Kubernetes restartCount

Hi,

We’re collecting kubernetes stats via telegraf and influxDB. One of the key metrics I’m trying to visualise is the number of container restarts for each pod. I can see there’s a tag key with the value “io.kubernetes.container.restartCount” but because it’s a tag I can’t figure out how to plot the value of restart counts for each kube pod.

Can anyone provide me with some pointers, please? This strikes me as one of the most important metrics available in kube and I’ve so far been unable to get it graphed, either via prometheus or influxdb.

Thanks for any help you can offer!

Rich

Kubestate metrics saves the restart count for a pod if you are using Prometheus: https://github.com/kubernetes/kube-state-metrics/blob/master/Documentation/pod-metrics.md

I haven’t seen anything similar for InfluxDB unfortunately as you are correct in thinking that it is one of the most important metrics to monitor.

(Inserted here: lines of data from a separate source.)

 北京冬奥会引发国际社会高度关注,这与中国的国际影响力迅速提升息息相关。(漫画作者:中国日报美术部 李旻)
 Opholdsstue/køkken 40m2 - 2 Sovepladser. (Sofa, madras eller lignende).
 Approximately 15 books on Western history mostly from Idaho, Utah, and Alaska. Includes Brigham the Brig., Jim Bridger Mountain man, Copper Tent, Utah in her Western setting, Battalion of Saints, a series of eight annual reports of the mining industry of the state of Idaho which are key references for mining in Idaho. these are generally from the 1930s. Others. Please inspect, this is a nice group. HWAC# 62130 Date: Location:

Hi, thanks for the response. When we were first using kube we had Prom installed and still could get these metrics out. Either it wasn’t there or we weren’t trying hard enough. We actually found Prom pretty difficult to get anything useful from which is why we switched to InfluxDB, having used that in the past.

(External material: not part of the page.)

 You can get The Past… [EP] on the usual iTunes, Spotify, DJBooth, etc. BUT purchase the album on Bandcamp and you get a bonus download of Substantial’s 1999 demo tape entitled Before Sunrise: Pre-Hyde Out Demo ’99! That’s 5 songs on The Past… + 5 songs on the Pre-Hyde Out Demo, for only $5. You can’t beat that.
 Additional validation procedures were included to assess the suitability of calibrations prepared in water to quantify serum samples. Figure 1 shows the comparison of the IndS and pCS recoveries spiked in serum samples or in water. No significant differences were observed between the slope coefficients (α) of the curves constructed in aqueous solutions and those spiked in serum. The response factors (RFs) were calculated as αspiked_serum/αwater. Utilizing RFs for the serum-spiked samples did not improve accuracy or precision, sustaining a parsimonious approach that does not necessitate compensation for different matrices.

I have just found the kube-state-metrics container from the kube project which promises to provide the stats we’re looking for, which we can collect via the Prometheus input.

So far we’ve only succeeded in upsetting the influx process by trying it, but I’ll let everyone know how we get on.

Yes, monitoring Kubernetes without kube-state-metrics is quite meaningless. I wrote a version of it for our graphite monitoring of our Kubernetes clusters. Unless something similar now exists for InfluxDB, I think you would be better off going back to Prometheus (in my opinion). The standard metrics from Heapster were quite useless (again my opinion).

I plan on using the telegraf prom input to scrape the metrics from kube-state-metrics and emit them to influx.

I really don’t want to use prom again, for so many reasons.

Hi richarww.

I made the same analyse, by using prom and telegraf.
It seems that it’s more convinient to use telegraf for collect data on prom.
Do you have some documentation for doing this or some source for guiding me ?

Best regards